75% exerciam esta atividade, no entanto 29,7% dos concluintes de mestrado não se dedicavam à pesquisa. Há de se destacar que boa parte também exercia atividades concomitantes em consultório e trabalhava em hospital.

Para os egressos de mestrado em Dermatologia da UFMG entre 1980 e 1995 (Silva et al., 2000), o principal motivo para a realização da pós- graduação foi a aprimoramento em metodologia científica (86,1%) seguido de aperfeiçoamento da carreira docente (80,6%), no entanto, após a conclusão do curso, a maioria trabalhava em consultório (94,4%), apesar de uma grande parte também exercer atividades de ensino (77,8%).

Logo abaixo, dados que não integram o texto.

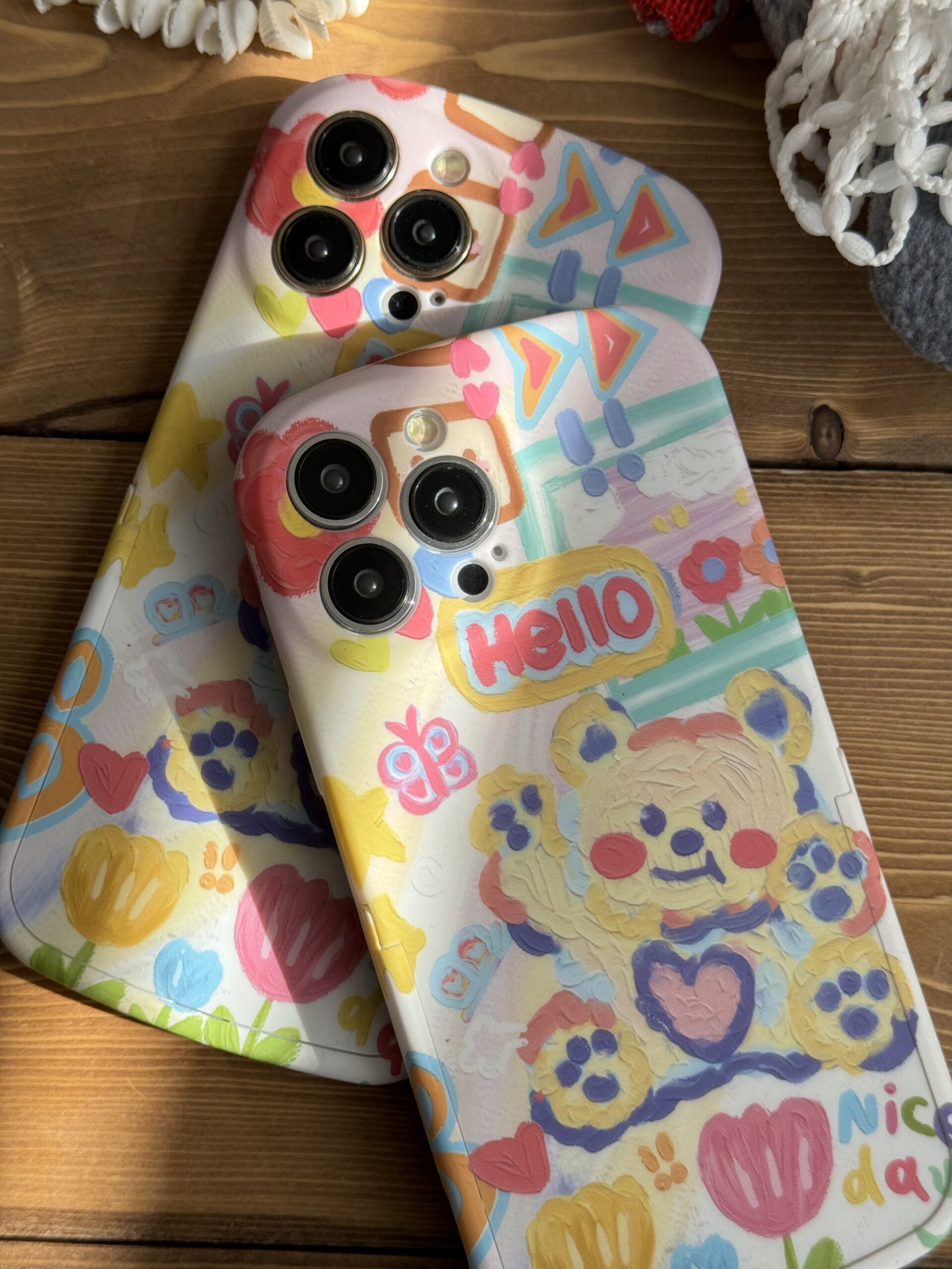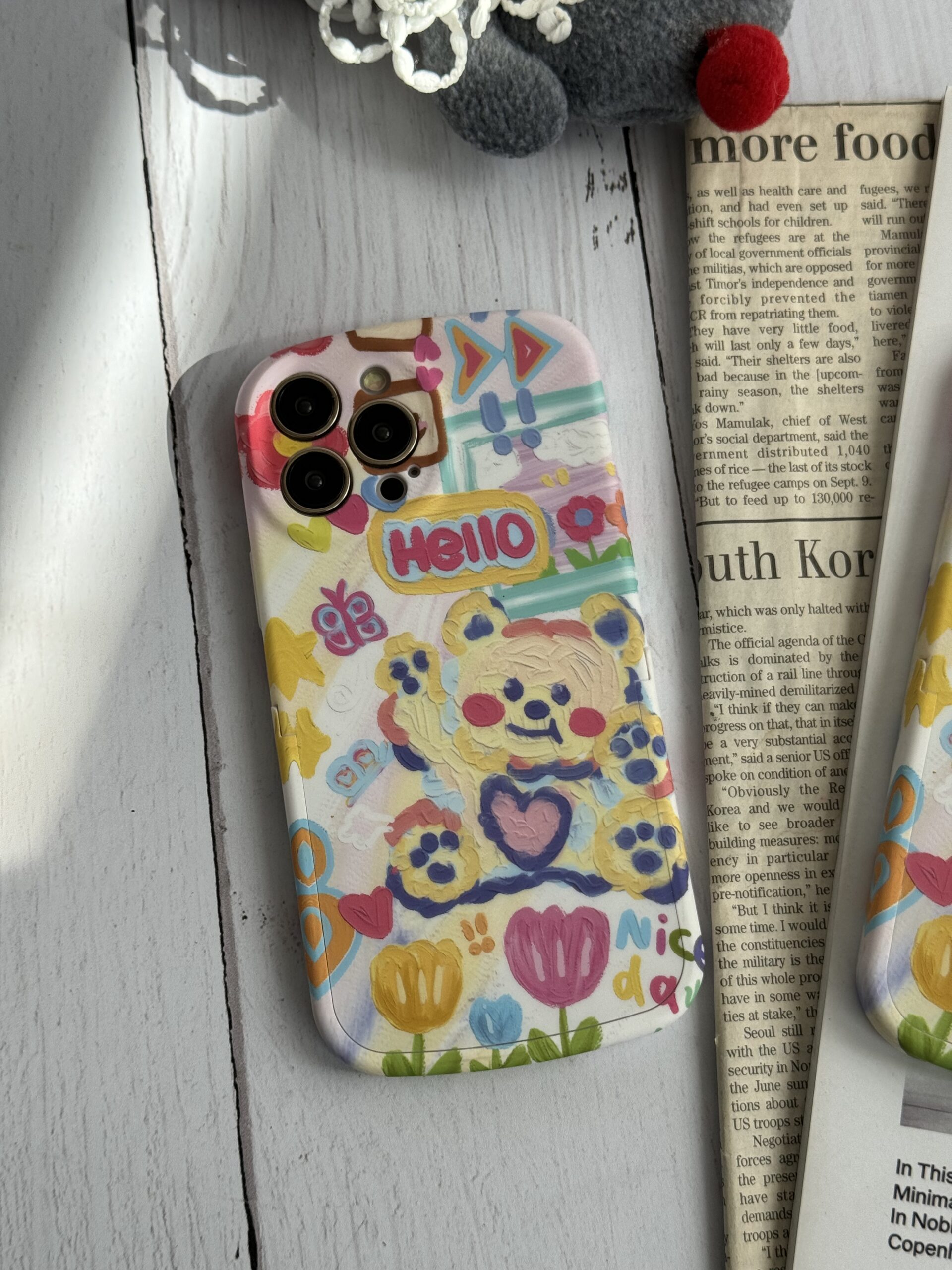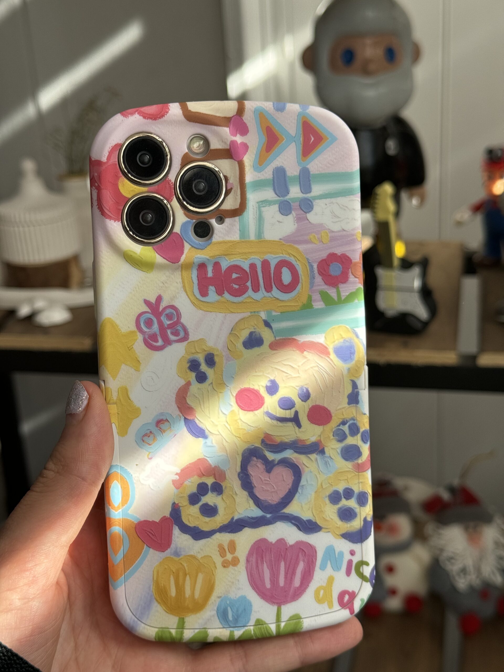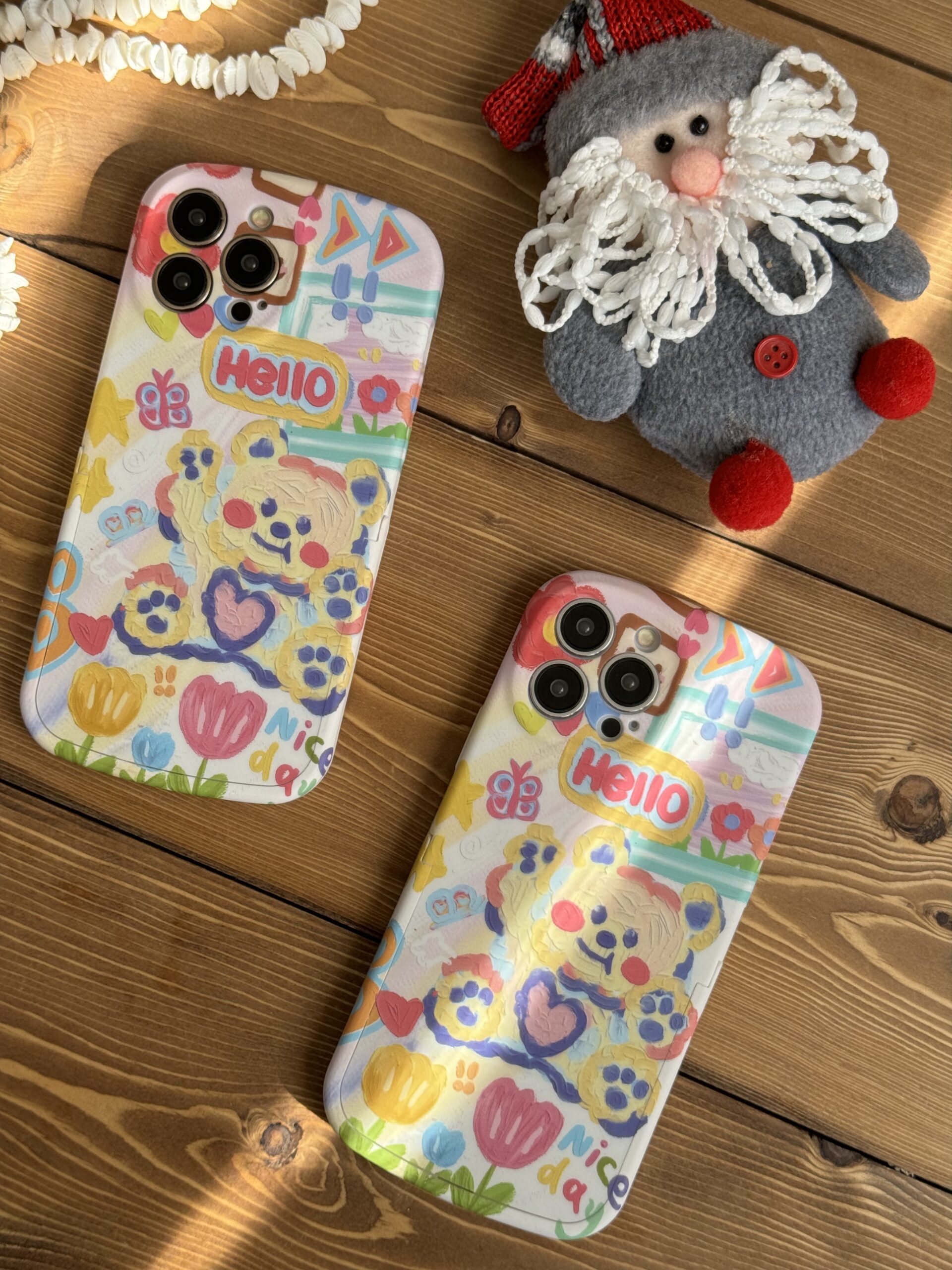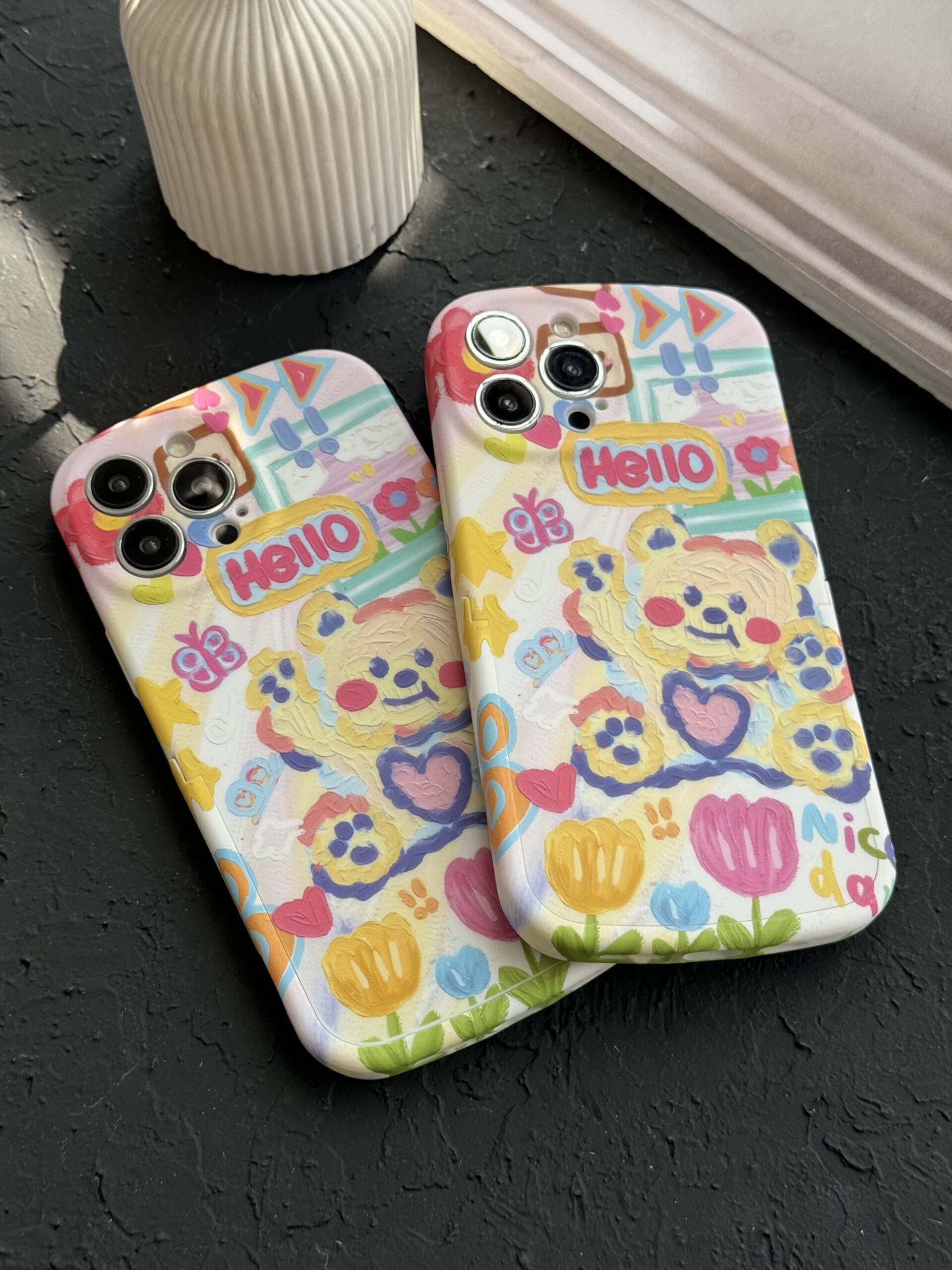 قاب موبایل آیفون خرس نقاشی آبرنگی پایه استند دار
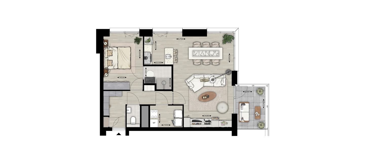 Een heerlijk speels appartement met veel lichtinval, een slaapkamer, balkon en berging. De keuken, badkamer, PVC-vloer in kleuren naar keuze en wandafwerking zijn allemaal geregeld als je de sleutel krijgt. En uiteraard zijn de appartementen van type Bushwick voorzien van vloerverwarming en -koeling, volledig geïsoleerd en heb je je eigen hardloopbaan op het dak!
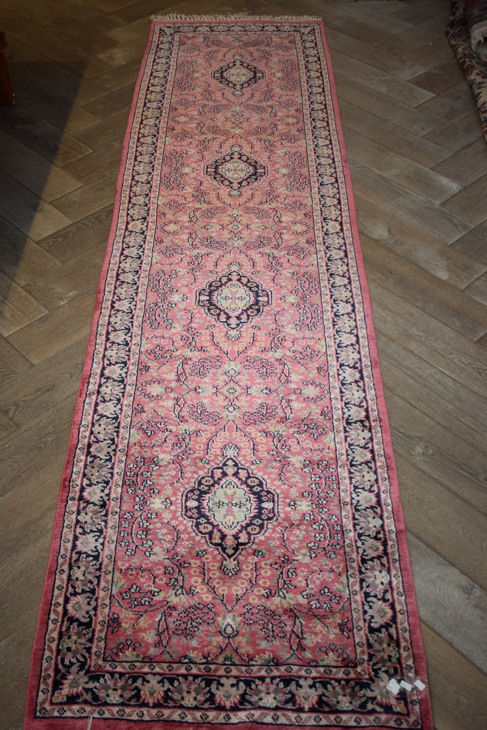 A KASHAN SILK ON COTTON RUNNER IN PINK TONES (A/F) (310 X 78 CM)
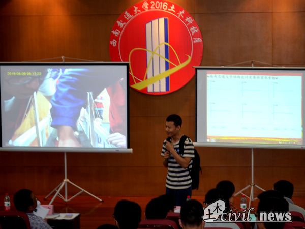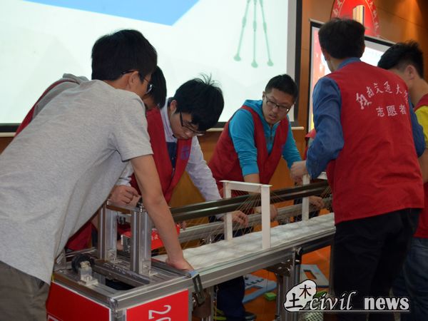 在比赛的间隙,记者有幸采访到了郑凯锋老师,他表示在这次比赛当中,踊跃出许多大一的同学,他们虽然没有学过材料力学,结构力学等专业课程,但是他们的计算公式却是合理准确的,他们的模型加载结果也十分可观,丝毫不逊色于高年级的同学,由此可见他们一定做足了功课,参考了大量的文献,令评委们感到非常欣慰!
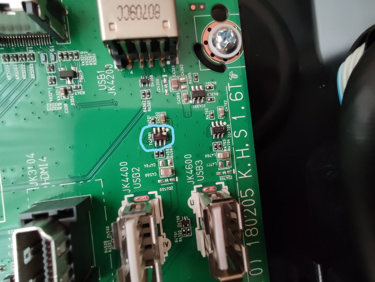 Ich hab den Fernseher auch. Man sollte meckern gehen, dass der Hersteller ZD4700 nicht eingebaut hat, die zum Schutz vor Überspannung vorgesehen war, aber ab Werk nicht montiert wurde. Mangel ab Übergabe, Gewährleistung 2 Jahre. Der Chip wird ein USB Überstromschutzschalter sein, der ab 500mA die +5V abschaltet. Keine Ahnung welcher. Klick dich z.B. bei Mouser durch. Denn die Datenleitungen haben ihren eigenen Schutz, D4700, und der ist in wohl Ordnung.
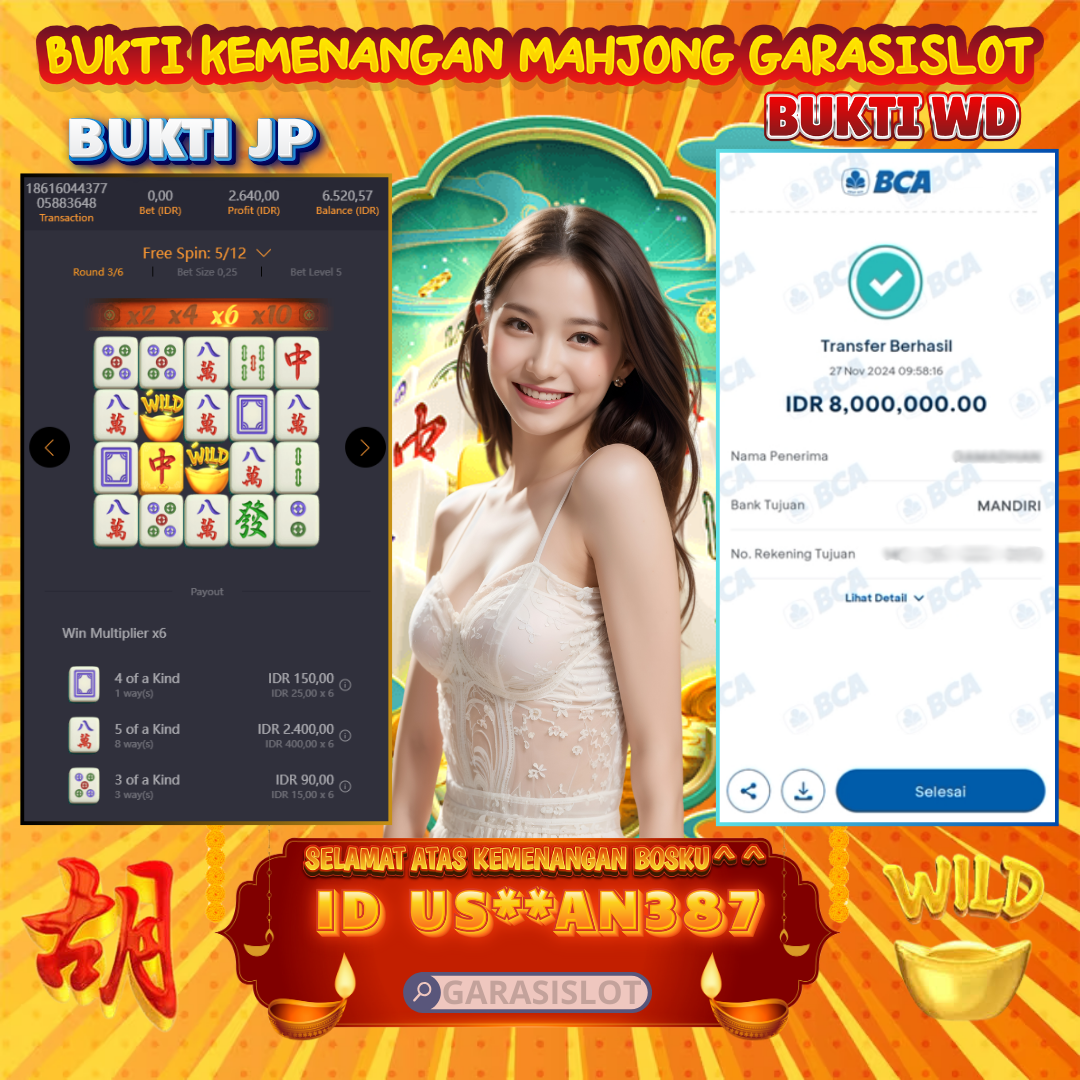 Selamat Kepada ID : US**AN387 Atas Withdraw Rp. 8.000.000 Juta Hari ini. Ditunggu Withdraw Selanjutnya dan ajak juga teman temannya bergabung diĀ GARASISLOT Bukti Kemenangan MAHJONG
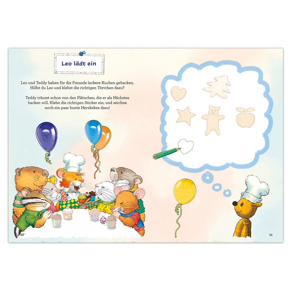 In diesem interaktiven Leo Lausemaus-Buch können kleine Sticker-Fans in Leos bunte Welt eintauchen und sie selbst mitgestalten: 250 fröhliche Sticker wollen platziert und zahlreiche Motive ausgemalt werden. Wer begleitet Leo in seinem Ruderboot? Was erblickt Teddy durch sein Fernrohr? Wen malt Fipsi auf die große Leinwand? Und was erleben Leo und seine Freunde im Kindergarten?
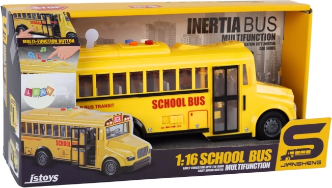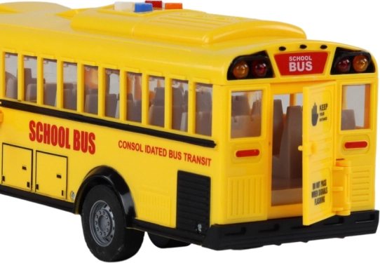 Schoolbus 1:16 Wrijvingsaandrijving Openende Deuren Lichten Geluiden Geel
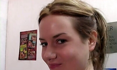 Блондинка обертывания губы вокруг толстый член и сосет его сухим
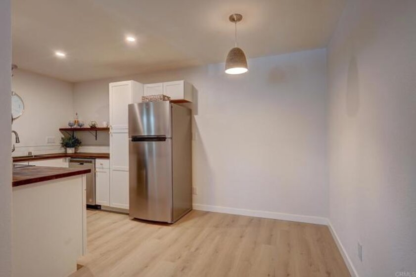 Beautiful views of mature pine trees, this cute 2 BD/1BA condo boasts plenty of natural light, neutral-fresh paint, a nice-comfortable open floor plan w/ new flooring throughout, remodeled kitchen with brand new white shaker cabinets, handy pot rack, new butcher block countertops, beautiful gold hardware, stainless steel sink and all brand new sparkling stainless steel appliances. The spacious dining room is adjacent to the kitchen for ease of dining and entertaining. The generous living room opens to a convenient deck for enjoying lazy afternoons & evenings w/ friends & family. Full remodeled bathroom w/ comfort height toilet, new tub, vanity, lighting, medicine cabinet, mirror, vanity & hardware. New ceiling fans, window screens, led lighting. Private, detached garage plus 1 assigned space, community laundry room, pool & spa. Close to the beach, freeway.
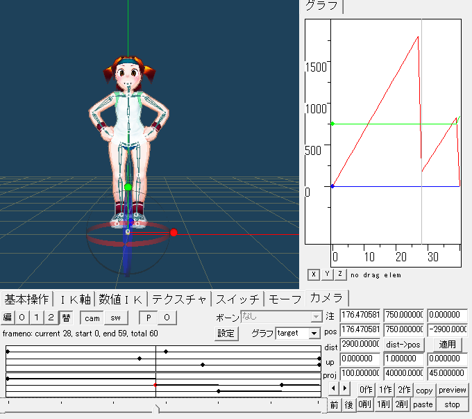 カメラのキーの値はグラフウインドウでも調整できます。
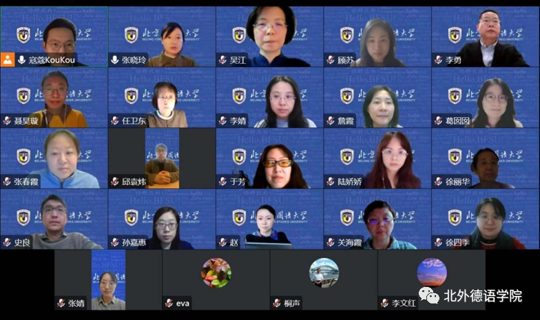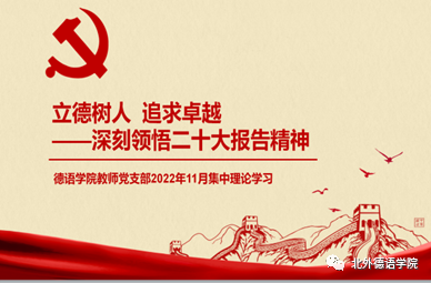 党总支书记、院长吴江结合自己对汉语“德”字的学习心得及北外德语专业历史的发展,分享了自己学习二十大报告的感悟,强调“立德树人”是高校党员教师的职责所在,全体党员教师应在教研实践中起到模范带头作用,不断追求卓越。吴江同时代表学院对疫情防控中勇挑重担的党员教师以及全体班主任老师给予了高度认可。

Na pesquisa organizada por Velloso (2002,2003), foi maior o percentual de pós-graduandos de Clínica Médica (90%) (Oliven, Neves, 2002) que buscaram o curso para aprimorar a carreira acadêmica, que de Direito (70%) (Martins, Carvalho, 2003) e de Engenharia Civil (43,4%) (Sampaio, Velloso, 2003). No entanto, esses egressos apresentam como rumo dominante o mercado e não a academia.

Tanto na presente pesquisa quanto nas demais pesquisas analisadas, o que se observa é uma constante tensão entre o mercado de trabalho e a carreira acadêmica.